You are given a sequence a consisting of n integers a_1, a_2, ..., a_n, and an integer x. Your task is to make the sequence a sorted (it is considered sorted if the condition a_1 ≤ a_2 ≤ a_3 ≤ ... ≤ a_n holds).
To make the sequence sorted, you may perform the following operation any number of times you want (possibly zero): choose an integer i such that 1 ≤ i ≤ n and a_i > x, and swap the values of a_i and x.
For example, if a = [0, 2, 3, 5, 4], x = 1, the following sequence of operations is possible:
1. choose i = 2 (it is possible since a_2 > x), then a = [0, 1, 3, 5, 4], x = 2;
2. choose i = 3 (it is possible since a_3 > x), then a = [0, 1, 2, 5, 4], x = 3;
3. choose i = 4 (it is possible since a_4 > x), then a = [0, 1, 2, 3, 4], x = 5.
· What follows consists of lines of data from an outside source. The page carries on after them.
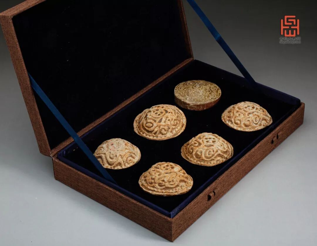 藏品说明: 汉朝在我国历史上是一个大国,物产丰富,资源众多。此青瓷铭文币也是汉代之物,属原始青瓷,共有六枚。一枚饼状,面略鼓起,模印卷草纹饰。另五枚馒头形,模印纹饰。六枚青瓷铭币均施青釉,釉层极薄。底微凹,一枚划刻“千万”,四枚划刻“百万”,饼形状的划刻“黄金二?”。这批青瓷铭币,可联想到西汉海昏侯墓出土的马蹄金。马蹄金是西汉皇帝给诸侯王的赏赐品,相当于今天的纪念币。这些青瓷铭文币的主人,应当是贵族,以皇家诸侯的规格,伴其终生。
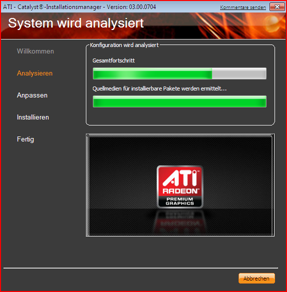 Dann hab ich versucht den etwas drüber zu installieren, und er bleibt auch an der Stelle hängen. Das gleiche hab' ich mit einem Vista-Treiber gemacht. Wieder an der Stelle festgefahren.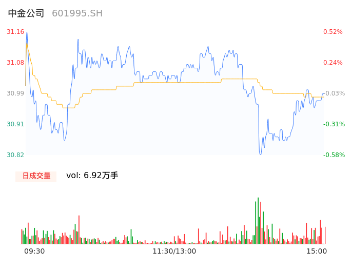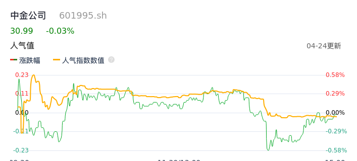 04月24日,中金公司收报30.99,股价涨幅-0.03%,成交金额2.15亿元,换手率0.24%。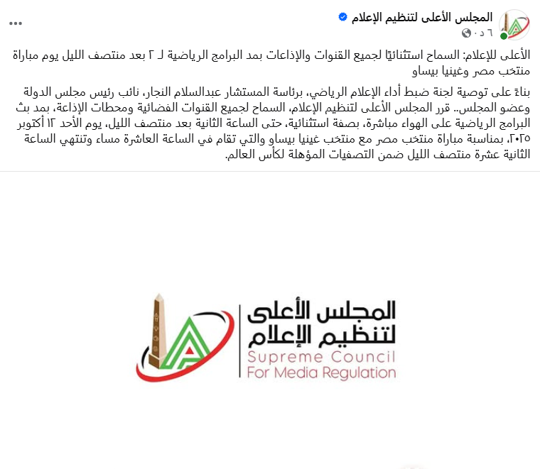وقرر المجلس الأعلى لتنظيم الإعلام، السماح لجميع القنوات الفضائية ومحطات الإذاعة، بمد بث البرامج الرياضية على الهواء مباشرة، بصفة استثنائية، حتى الساعة الثانية بعد منتصف الليل، يوم الأحد ١٢ أكتوبر ٢٠٢٥، بمناسبة مباراة منتخب مصر مع منتخب غينيا بيساو والتي تقام في الساعة العاشرة مساء وتنتهي الساعة الثانية عشرة منتصف الليل ضمن التصفيات المؤهلة لكأس العالم 2026.

Calculate the minimum number of operations you have to perform so that a becomes sorted, or report that it is impossible.
Input
The first line contains one integer t (1 ≤ t ≤ 500) — the number of test cases.
Each test case consists of two lines. The first line contains two integers n and x (1 ≤ n ≤ 500, 0 ≤ x ≤ 500) — the number of elements in the sequence and the initial value of x.
The second line contains n integers a_1, a_2, ..., a_n (0 ≤ a_i ≤ 500).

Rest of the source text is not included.